▸ **PROVIDED ENTRIES**:

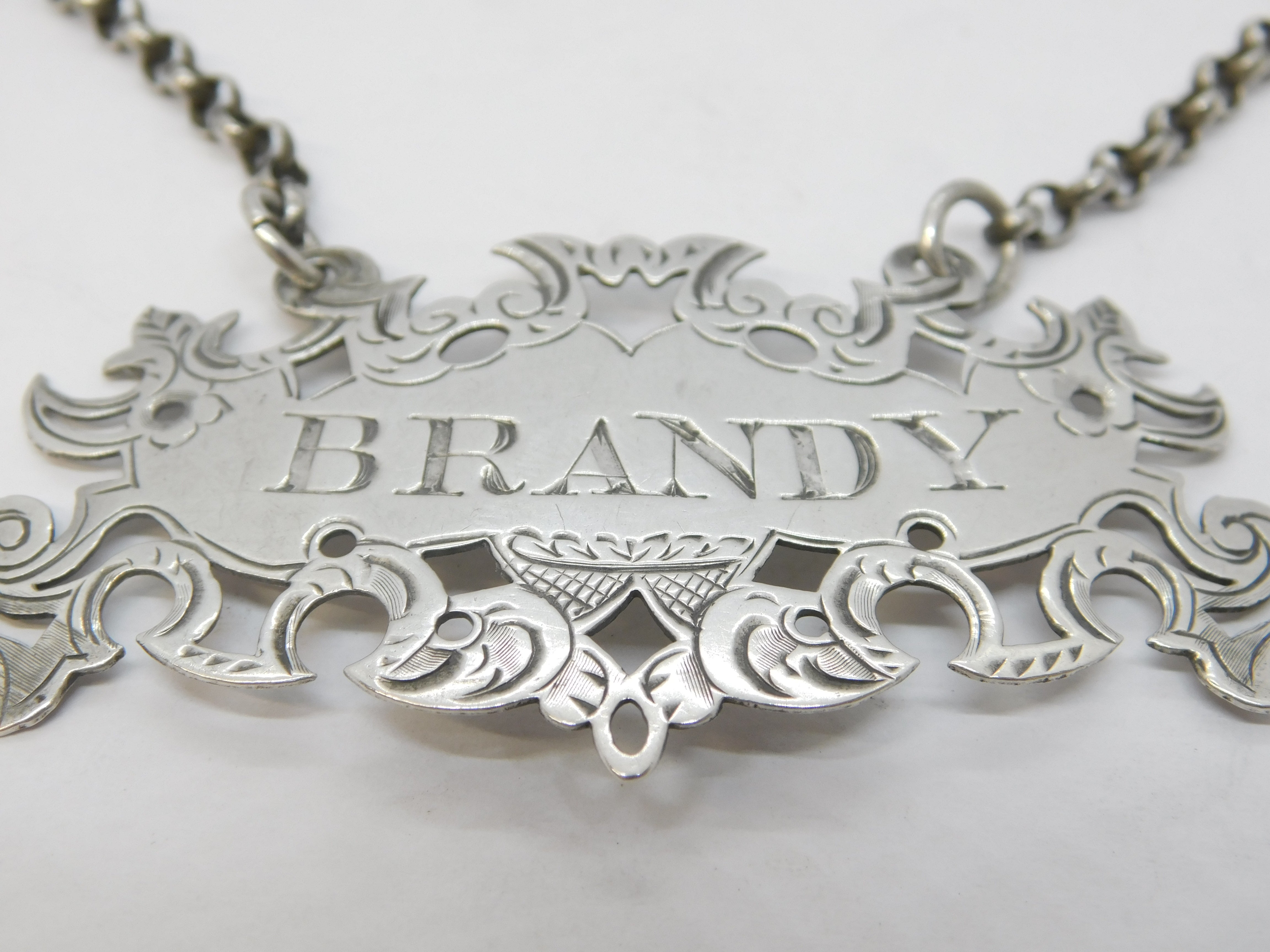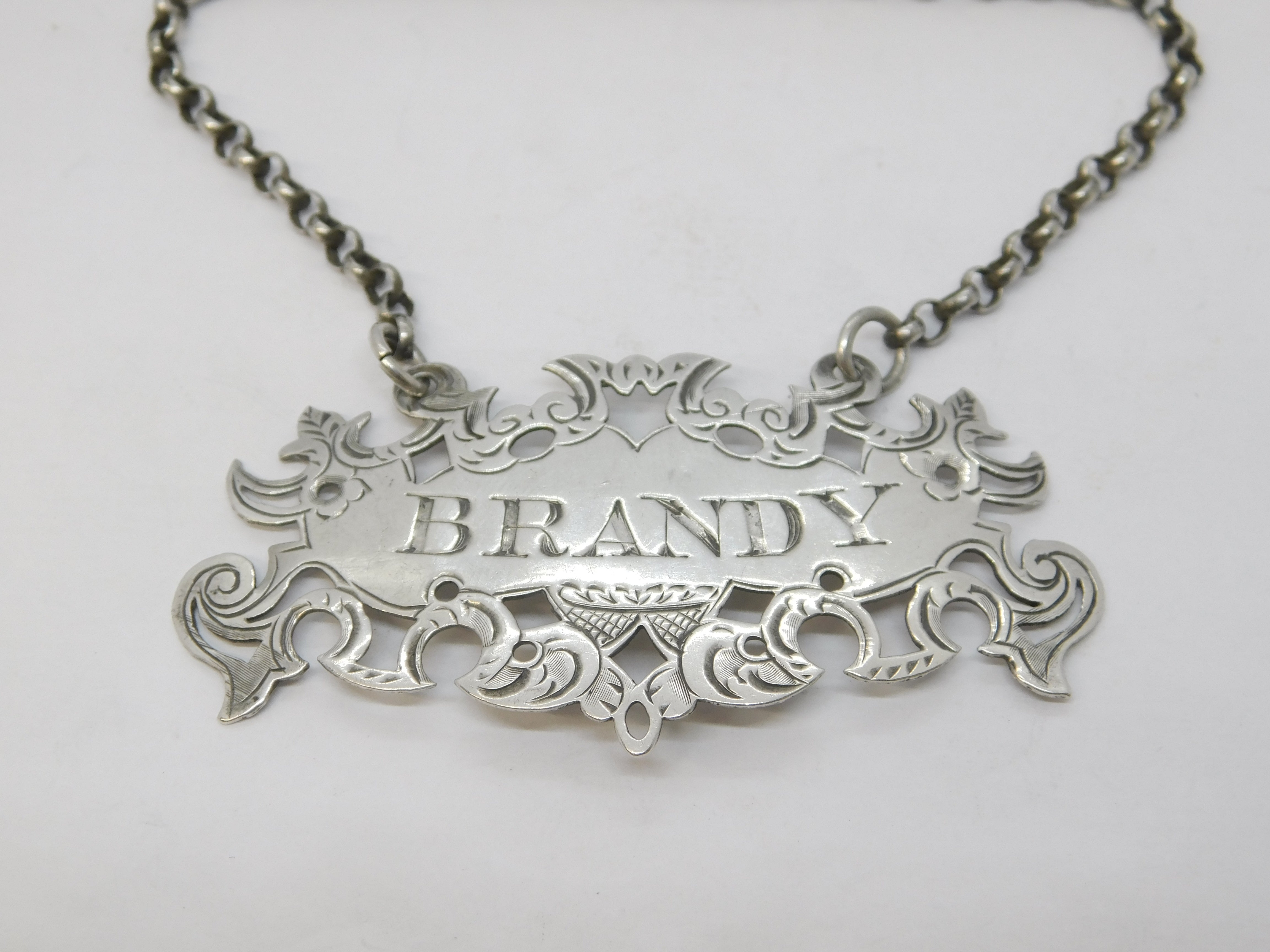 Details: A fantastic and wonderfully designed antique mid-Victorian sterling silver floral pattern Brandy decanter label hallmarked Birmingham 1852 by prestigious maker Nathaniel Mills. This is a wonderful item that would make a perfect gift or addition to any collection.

---

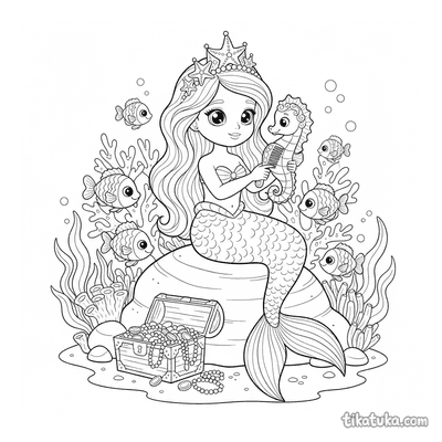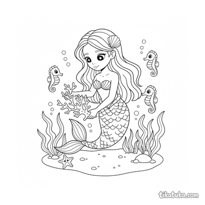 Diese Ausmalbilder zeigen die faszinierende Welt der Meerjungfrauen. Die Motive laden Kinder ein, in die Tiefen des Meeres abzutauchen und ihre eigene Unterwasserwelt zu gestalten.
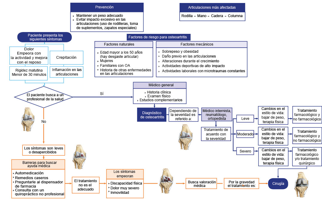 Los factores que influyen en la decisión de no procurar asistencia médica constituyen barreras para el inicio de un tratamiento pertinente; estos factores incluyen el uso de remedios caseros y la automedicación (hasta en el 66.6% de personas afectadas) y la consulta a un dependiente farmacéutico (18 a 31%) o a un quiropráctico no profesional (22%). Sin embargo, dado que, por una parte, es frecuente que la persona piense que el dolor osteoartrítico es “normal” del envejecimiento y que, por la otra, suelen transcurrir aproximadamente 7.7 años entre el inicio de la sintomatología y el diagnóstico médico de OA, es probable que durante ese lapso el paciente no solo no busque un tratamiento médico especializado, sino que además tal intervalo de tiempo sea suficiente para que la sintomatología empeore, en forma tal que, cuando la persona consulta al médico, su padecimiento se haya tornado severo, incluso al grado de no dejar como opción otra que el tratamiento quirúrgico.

▸ **THE PROBLEM**:
Reproduce, word for word, everything in the listing above from the line containing "Diese Ausmalbilder zeigen" down to the line containing "Los factores que", both of them included. No pictures.

▸ **EXERCISE SOLUTION**:
 Diese Ausmalbilder zeigen die faszinierende Welt der Meerjungfrauen. Die Motive laden Kinder ein, in die Tiefen des Meeres abzutauchen und ihre eigene Unterwasserwelt zu gestalten.
 Los factores que influyen en la decisión de no procurar asistencia médica constituyen barreras para el inicio de un tratamiento pertinente; estos factores incluyen el uso de remedios caseros y la automedicación (hasta en el 66.6% de personas afectadas) y la consulta a un dependiente farmacéutico (18 a 31%) o a un quiropráctico no profesional (22%). Sin embargo, dado que, por una parte, es frecuente que la persona piense que el dolor osteoartrítico es “normal” del envejecimiento y que, por la otra, suelen transcurrir aproximadamente 7.7 años entre el inicio de la sintomatología y el diagnóstico médico de OA, es probable que durante ese lapso el paciente no solo no busque un tratamiento médico especializado, sino que además tal intervalo de tiempo sea suficiente para que la sintomatología empeore, en forma tal que, cuando la persona consulta al médico, su padecimiento se haya tornado severo, incluso al grado de no dejar como opción otra que el tratamiento quirúrgico.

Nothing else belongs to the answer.